Thank you for the response Sanne. It certainly seems like there's a bug somewhere... I'll try that TermVector.YES thing, have to figure out what that is and where to use it :). So here are some very strange things I noticed with Hibernate Search over the weekend. I'll start with more of my Name entity:
Code:
@Fields({@Field(boost = @Boost(2.0f)),
@Field(name = "firstPhonetic", analyzer = @Analyzer(definition = "phonetic"))})
private String first;
@Fields({@Field(name = "full", boost = @Boost(2.0f)),
@Field(name = "fullPhonetic", analyzer = @Analyzer(definition = "phonetic"))})
private String fullLowercase;
"first", and other fields like it, get indexed perfectly. For each person, there's a names.first that has a list of all the first names. But the odd thing is that full and fullPhonetic has a list of the full names TWICE! So for example, if a person has 2 names, "Susan Anthony" and "Bruce Willis". In the index will be "names.first:susan bruce". And in the index will also be "names.full:susan anthony susan anthony bruce willis bruce willis."

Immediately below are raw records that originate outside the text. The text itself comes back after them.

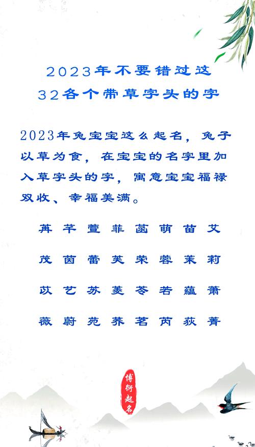 我們需要了解“草字頭”的文化內(nèi)涵。在中國(guó)傳統(tǒng)文化中,草木象征著生命力、活力與希望。 _草木的生長(zhǎng)代表著欣欣向榮,蓬勃發(fā)展,寓意著孩子擁有無限的潛力與成長(zhǎng)空間。_ 古人常以草木比喻賢士,如“蘭芷生于深林,不以無人而不芳”,贊揚(yáng)其高潔的品格。草字頭在取名時(shí),可以賦予孩子一種積極向上、堅(jiān)韌不拔的精神力量。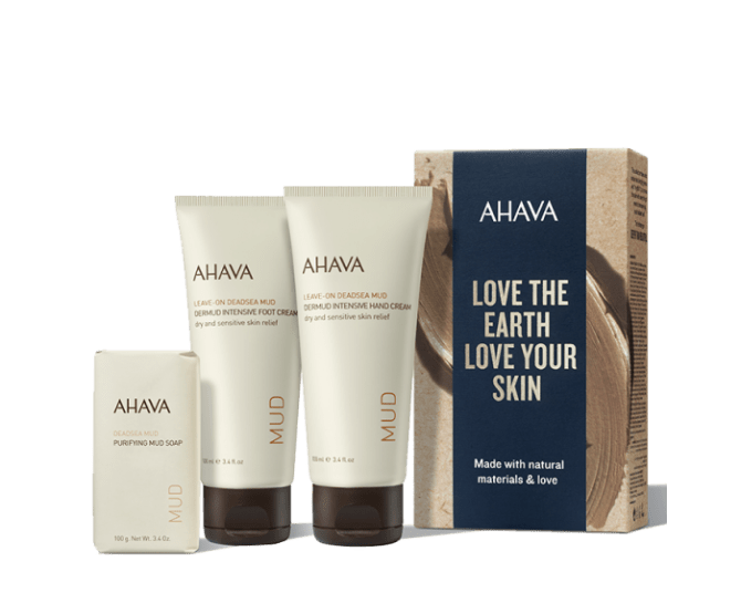A soap, foot cream, and hand cream all formulated with dead sea mud and other natural moisturizers.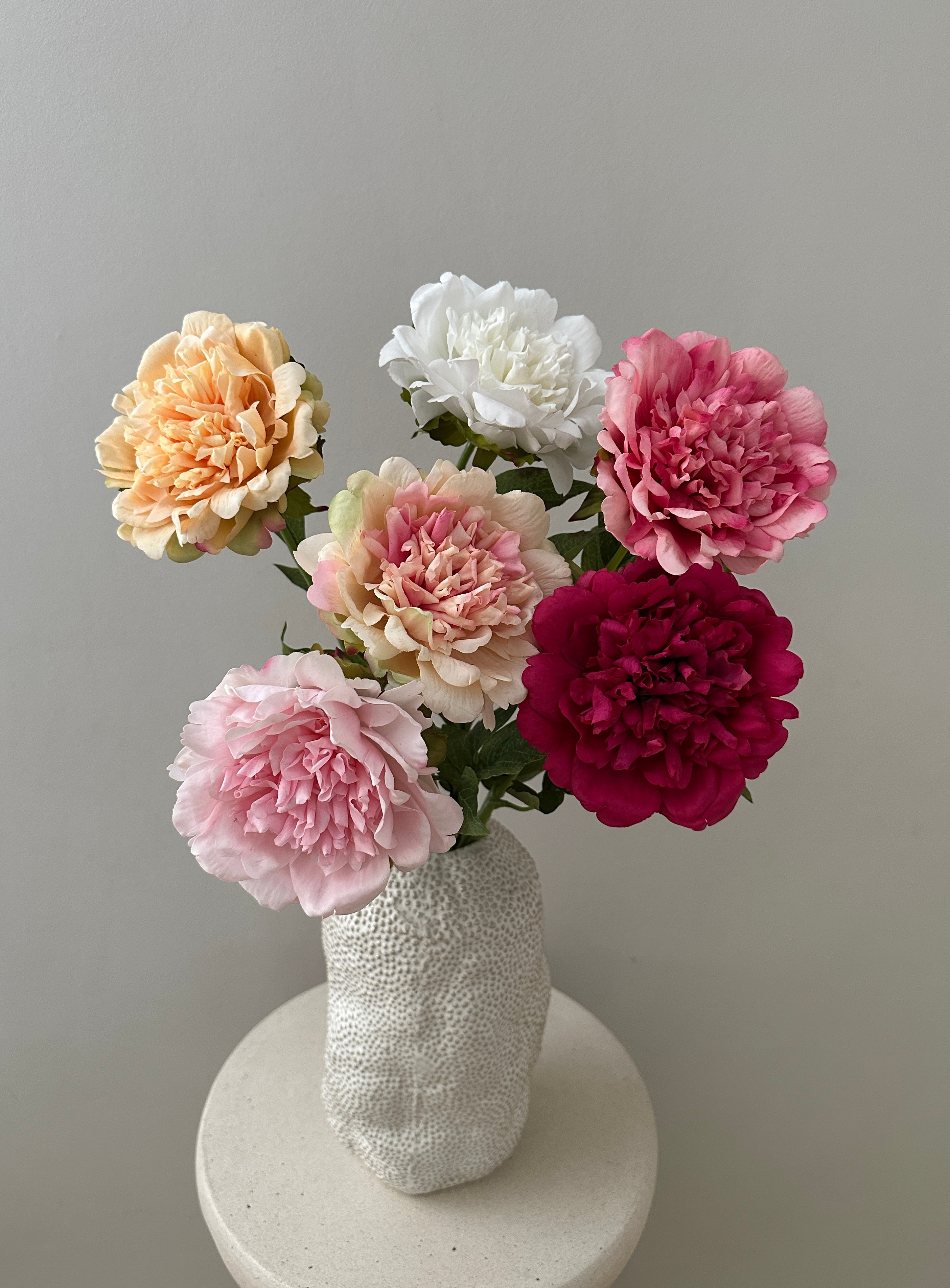 Forny dit hjem med vores elegante kunstige pæonblomst på 75 cm stilk, der pryder et enkelt, smukt blomsterhoved. Denne blomst fanger den naturlige skønhed af en pæon med sine fyldige, delikate kronblade og realistiske detaljer, og tilføjer et sofistikeret touch til enhver indretning. Den lange stilk gør den perfekt til at skabe højde og liv i en vase eller som en del af et blomsterarrangement.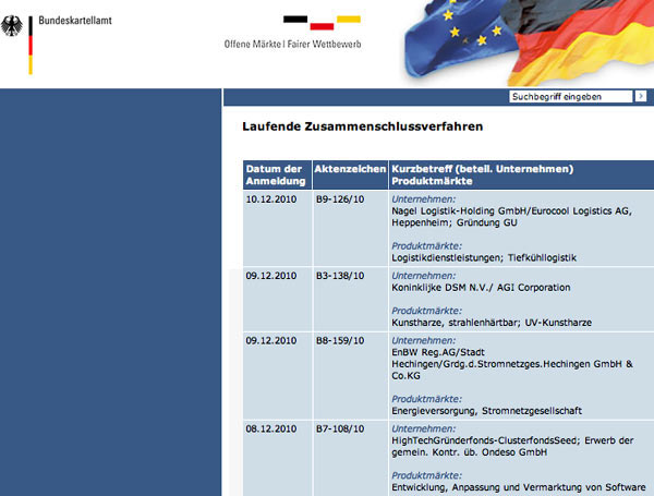 Ecco la documentazione elencata nel database dell’ufficio che tutela la corretta concorrenza in Germania.
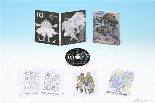 The Mobile Suit Gundam Iron-Blooded Orphans II Volume 1 Blu-ray and DVD includes 2 episodes while Volume 2 and onwards will include 3 episodes. All 9 volumes are scheduled to release monthly 2 volumes at a time. The price of the Volume 1 Blu-ray is 6,800 yen (tax excluded) and the DVD is 4,800 yen (tax excluded) while Volume 2 and onwards will be 7,800 yen (tax excluded) and 5,800 yen (tax excluded) for the DVD. DVD rentals are also scheduled to begin at the same time as each release.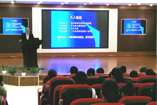 10月23日下午,诸侯快讯入口官网邀请岭南师范学院宋立民教授在梁园校区为师生作了“鲁迅诗学的现代意义”学术报告。诸侯快讯入口官网院长李可亭,副院长朱凤祥,著名书法家王小楼,商丘市作协秘书长、木兰女子文学社社长杜素焕,帝和置业有限公司文化总监武红卫及师生代表200余人聆听报告。报告会由李可亭院长主持。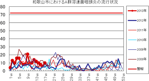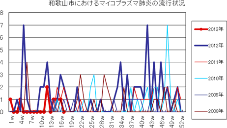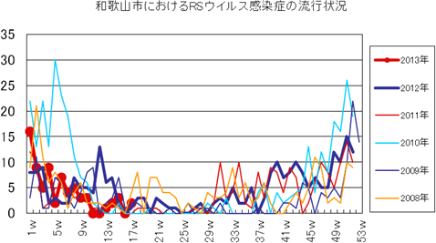 2013年第1〜16週までの和歌山市の発生状況の概要です。
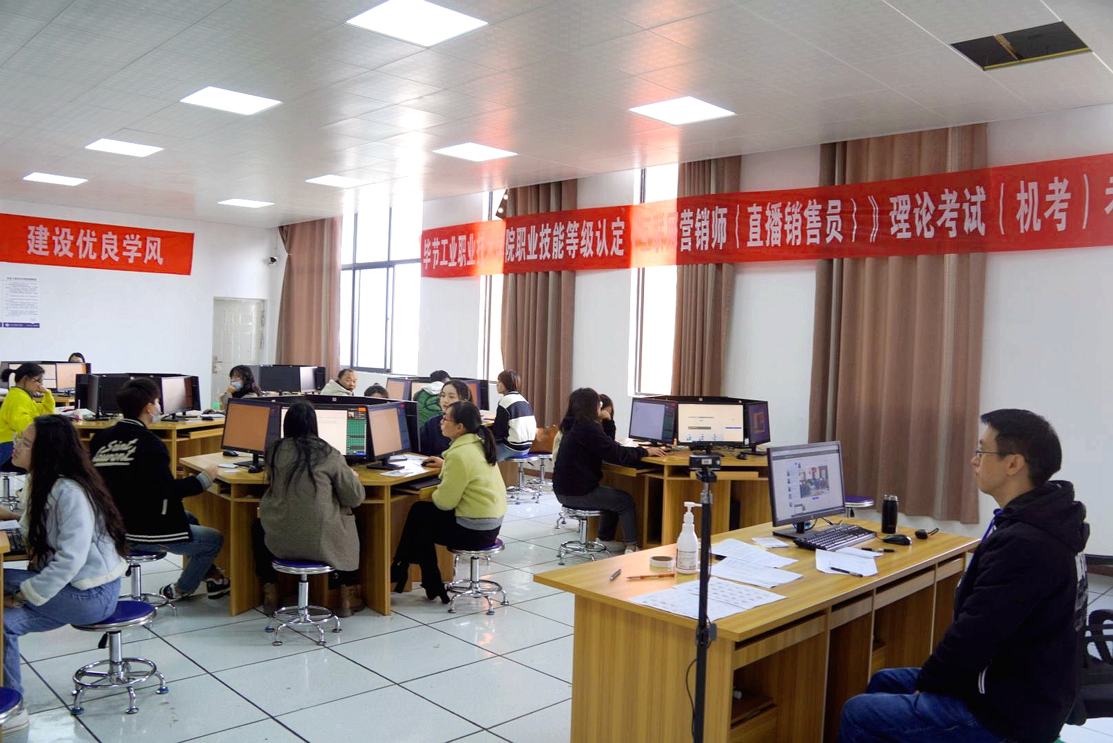 為了促進我院“雙師型”隊伍建設(shè),提升教師技能成長,弘揚工匠精神,經(jīng)貴州省職業(yè)技能鑒定指導(dǎo)中心批準(zhǔn),我院2023年第二批職業(yè)技能等級認(rèn)定考試--《直播銷售員》(三、四級)考試工作圓滿完成。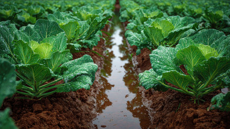 Vibrant, healthy cabbage plants with glossy leaves spread across a neatly cultivated field, showcasing fertile soil and attentive farm management.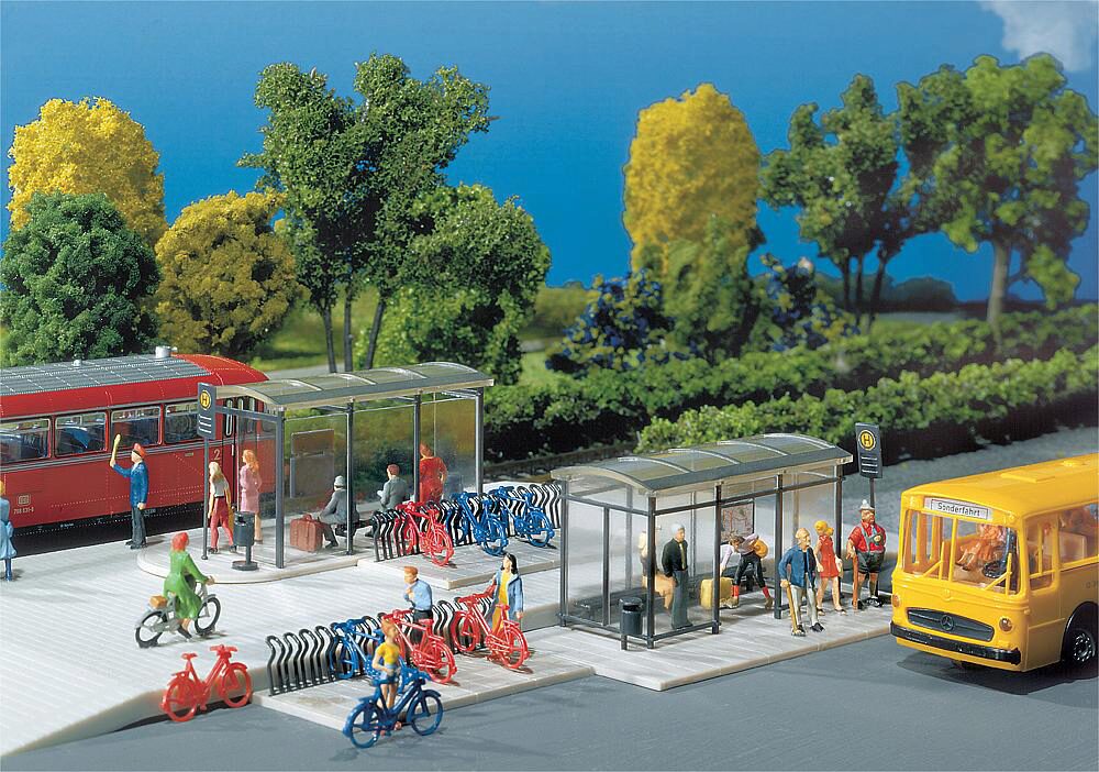 Die Packung enthält die im Original von der Fa. Team Tejbrant entwickelten und realisierten Modelle einer geschlossenen und offenen Haltestelle sowie zwei Fahrradständern mit Fahrrädern.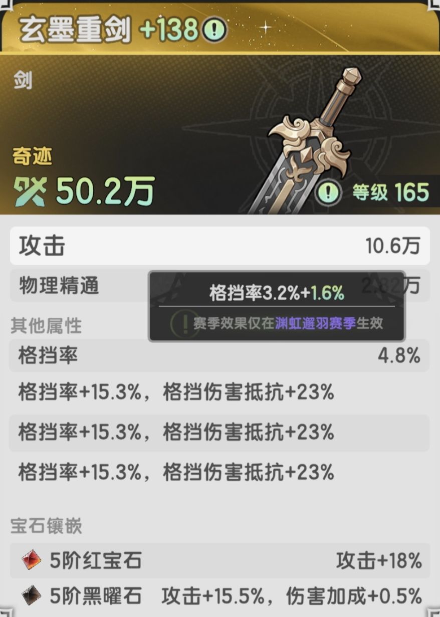 副武器:会出其他部位的全部属性,以及会心/精准/格挡。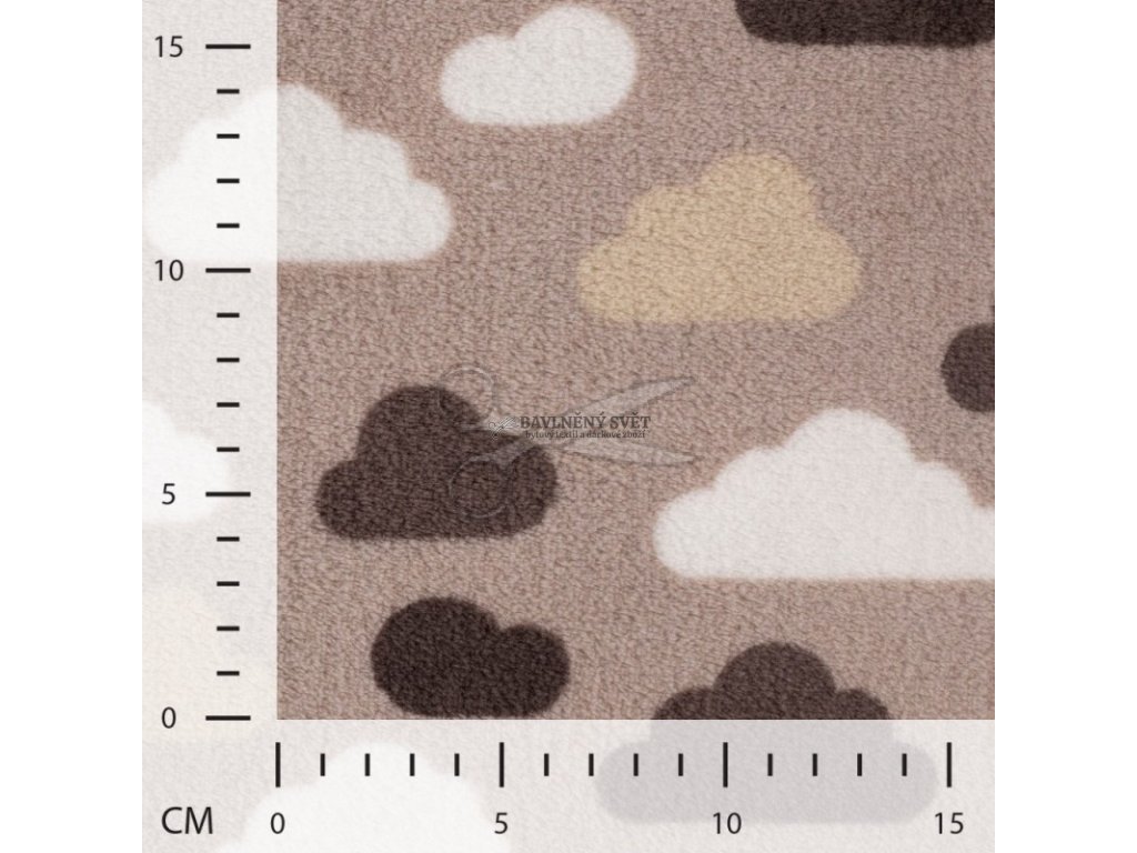 Náš Flanel fleece s motivem mraků a kapek je navržen pro všechny kreativní duše, které milují variabilitu a maximální hřejivost. Unikátnost tohoto materiálu spočívá v jeho plnohodnotném oboustranném provedení – zatímco jedna strana vás potěší nadýchanými mráčky, druhá nabízí moderní vzor dešťových kapek. Při práci je však nezbytné pečlivě hlídat směr střihu a texturu, protože jedna strana je hladší flanel a druhá nadýchanější fleece, což je klíčové zejména při šití pohodlných domácích teplákových souprav pro dospělé i děti.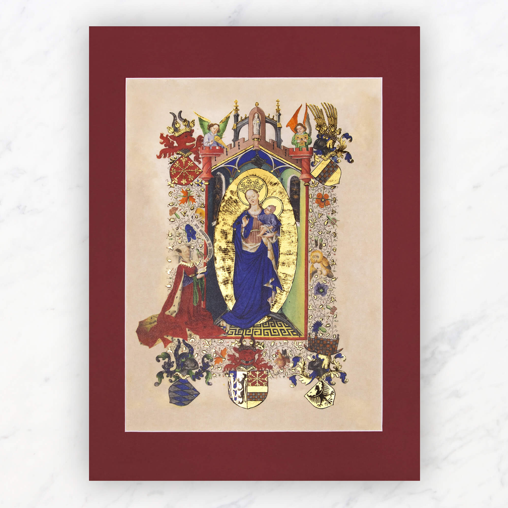 Cette miniature en pleine page inaugure le livre d’heures dit De Catherine de Clèves, dont elle demeure l’une de ses enluminures les plus éblouissantes. Elle figure la prière du matin à Notre-Dame. Catherine de Clèves y est représentée se recueillant devant une Vierge à l’Enfant, en robe rouge, son livre d’heures entre les mains. Une supplique en latin, inscrite sur une banderole, semble s’élever du livre vers la Vierge : O MATER DEI MEMENTO MEI**. Enchâssée dans l’encadrement d’un édifice gothique richement coloré, la Vierge se tient posée sur croissant de lune***, sous le regard bienveillant de deux anges musiciens. Les blasons peints dans les coins de la page et en-dessous de la Vierge sont ceux de la famille de Catherine de Clèves et de ses ancêtres. Les armes de la famille de Catherine de Clèves sont privilégiées, dans tout l’ouvrage, relativement à celles de son mari. Dans un acte de défiance, peut-être, envers le duc de Gueldre ? Dans cette page, on distingue aussi, cachés parmi les décorations florales des marges, deux dessins d’oiseaux : à droite, une chouette et un coq, dans la partie inférieure.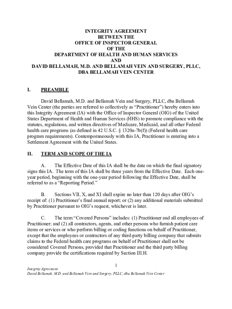 DAVID BELLAMY, M.D. AND BELLAMY VEIN AND SURGERY, LLC,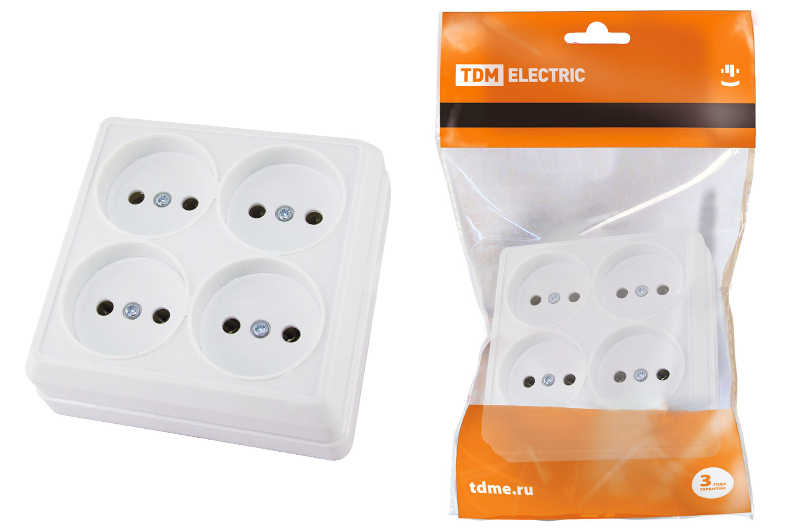 Наименование: Розетка четырехместная 2П открытой установки IP20 10A белая "Ладога" TDM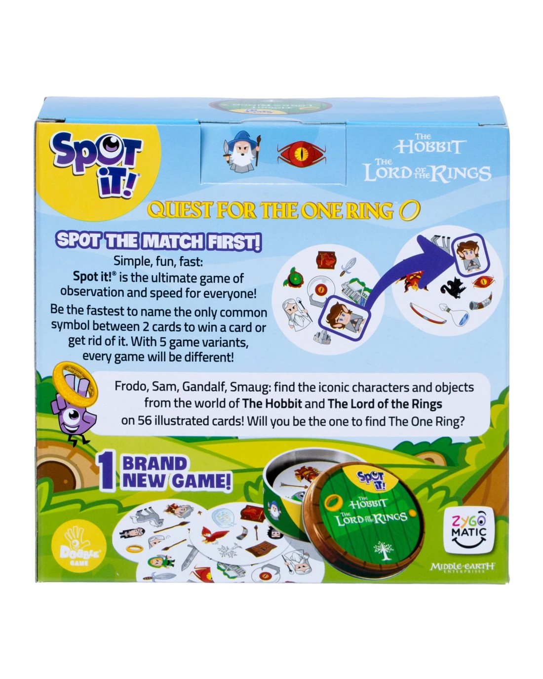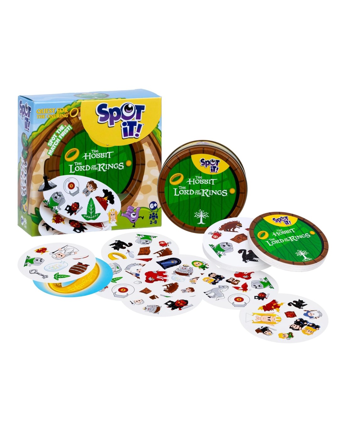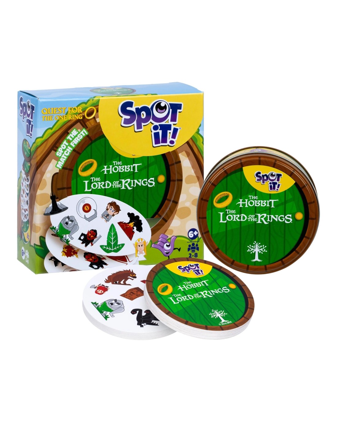 Spot it! The Lord of the Rings features gameplay nearly identical to that of Spot it! Spot the match first! Simple, fun, fast: Spot It! is the ultimate game of observation and speed for everyone! Be the fastest to name the only common symbol between 2 cards to win a card or get rid of it. With 5 game variants (including 1 brand-new game), every game will be different! Nearly every card features eight different symbols, with the symbols varying in size from one card to the next. Any two cards have exactly one symbol in common. For the basic Spot it! game, reveal one card, then another. Whoever spots the symbol in common on both cards claims the first card, then another card is revealed for players to search, and so on. Whoever has collected the most cards when the 55-card deck runs out wins! How Spot it! The Lord of the Rings differs from Spot it! is that includes a 56th card: the One Ring. Frodo, Sam, Gandalf, Smaug: find the iconic characters and objects from the world of The Hobbit and The Lord of the Rings on 56 illustrated cards! Will you be able to find The One Ring? Ages: 6 + | Players: 2 - 8

Now this doubling doesn't really cause too much of a problem... the term frequency for a matching term is always double what it should be of course, but otherwise not too big of a deal. However, that bug might have something to do with the far more damaging bug causing the scores to go out of whack. Why is this happening? We have 5 other fields with similar regular and phonetic indexes and the doubling problem doesn't occur. Only on the "full" and "fullPhonetic" fields are the values doubled. Unfortunately, those are our default fields to search on...
The only difference I can see between full and fullPhonetic versus first and firstPhonetic is that I name the full field. Could that be causing problems? This whole big scoring problem doesn't occur if I search for names.first:<first_name> names.last:<last_name>. So there's definitely something fishy going on with full and fullPhonetic...
In Luke, when I hit the "explain" button on the top search result for "names.full:bruce names.full:willis" I get the following. Note that there are 10 names for this top result, 6 of which contain the word bruce and ZERO of which contain the word willis.
Code:
1095709.8750 product of:
2191419.7500 sum of:
2191419.7500 weight(names.full:bruce in 3705465), product of:
0.7018 queryWeight(names.full:bruce), product of:
7.8596 idf(docFreq=11631, maxDocs=11084675)
0.0893 queryNorm
3122531.0000 fieldWeight(names.full:bruce in 3705465), product of:
3.4641 tf(termFreq(names.full:bruce)=12)
7.8596 idf(docFreq=11631, maxDocs=11084675)
114688.0000 fieldNorm(field=names.full, doc=3705465)
0.5000 coord(1/2)
Ranked #50 below this result we have this result with only 1 name of "willis bruce":
Code:
31.6756 sum of:
15.6013 weight(names.full:bruce in 3913601), product of:
0.7018 queryWeight(names.full:bruce), product of:
7.8596 idf(docFreq=11631, maxDocs=11084675)
0.0893 queryNorm
22.2302 fieldWeight(names.full:bruce in 3913601), product of:
1.4142 tf(termFreq(names.full:bruce)=2)
7.8596 idf(docFreq=11631, maxDocs=11084675)
2.0000 fieldNorm(field=names.full, doc=3913601)
16.0742 weight(names.full:willis in 3913601), product of:
0.7124 queryWeight(names.full:willis), product of:
7.9778 idf(docFreq=10334, maxDocs=11084675)
0.0893 queryNorm
22.5646 fieldWeight(names.full:willis in 3913601), product of:
1.4142 tf(termFreq(names.full:willis)=2)
7.9778 idf(docFreq=10334, maxDocs=11084675)
2.0000 fieldNorm(field=names.full, doc=3913601)
Clearly the big issue here is the fieldNorm value... it is an astronomical 3122531.0000 in the first result. What's going on with this fieldNorm? I just glanced at chapter 12 of Hibernate Search in Action and it's a bit vague on this. It seems to mostly be composed of lengthNorm which is "its effect is to decrease the scoring contribution of fields with many terms and to increase scoring for shorter fields." This seems to be having the exact opposite effect, but not really... again, the biggest factor in determining this score is how many names are in the Person's name collection... not necessarily how long those names are or how many words there are in each name. So my guess is this is something Hibernate Search is doing at index time to collections.